This detestable book, Sepher Toldos Jeschu, was known in the second century: Celsus confidently cites it, and Origen refutes it in his ninth chapter.

There is another book also entitled "Toldos Jeschu," published by Huldric in 1703, which more closely follows the Gospel of the Infancy, but which is full of the grossest anachronisms. It places both the birth and death of Jesus Christ in the reign of Herod the Great, stating that complaints were made of the adultery of Panther and Mary the mother of Jesus, to that prince.

The author, who takes the name of Jonathan, and calls himself a contemporary of Jesus Christ, living at Jerusalem, pretends that Herod consulted, in the affair of Jesus Christ, the senators of a city in the land of Cæsarea. We will not follow so absurd an author through all his contradictions.

Yet it is under cover of all these calumnies that the Jews keep up their implacable hatred against the christians and the gospel. They have done their utmost to alter the chronology of the Old Testament, and to raise doubts and difficulties respecting the time of our Saviour's coming.

Ahmed-ben-Cassum-la-Andacousy, a Moor of Grenada, who lived about the close of the sixteenth century, cites an ancient Arabian manuscript, which was found, together with sixteen plates of lead engraven with Arabian characters, in a grotto near Grenada. Don Pedro y Quinones, archbishop of Grenada, has himself borne testimony to this fact. These leaden plates, called those of Grenada, were afterwards

carried to Rome, where, after several years investigation, they were at last condemned as apocryphal, in the pontificate of Alexander VII.; they contain only fabulous stories relating to the lives of Mary and her Son.

The name of Messiah, coupled with the epithet false, is still given to those impostors, who, at various times, have sought to abuse the credulity of the Jewish nation. There were some of these false Messiahs even before the coming of the true Anointed of God. The wise Gamaliel mentions one Theodas,* whose history we read in Josephus's Jewish Antiquities, book xx. chap. 2. He boasted of crossing the Jordan without wetting his feet; he drew many people after him; but the Romans, having fallen upon his little troop, dispersed them, cut off the head of their unfortunate chief, and exposed it in Jerusalem.

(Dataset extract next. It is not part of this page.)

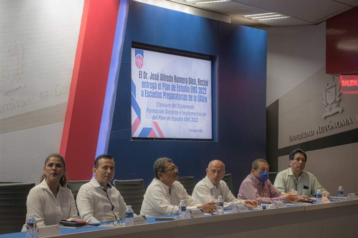 El Dr. José Alfredo Romero Olea, Rector de la UAGro entregó el Plan de Estudios EMD 2022 a directores de Escuelas Preparatorias de la UAGro, donde ratificó que la institución está mejorando en sus procesos académicos de manera continua, siendo la #UAGro la primera institución educativa en Guerrero que implementa su nuevo plan de educación superior atendiendo las políticas educativas nacionales.

Gamaliel also speaks of Judas the Galilean, who is doubtless the same of whom Josephus makes mention in the second chapter of the second book of the Jewish War. He says that this false prophet had gathered to-gether nearly thirty thousand men; but hyperbole is the Jewish historian's characteristic.

In the apostolical times there was Simon, surnamed the magician, who contrived to bewitch the people of Samaria, so that they considered him as the great power of God."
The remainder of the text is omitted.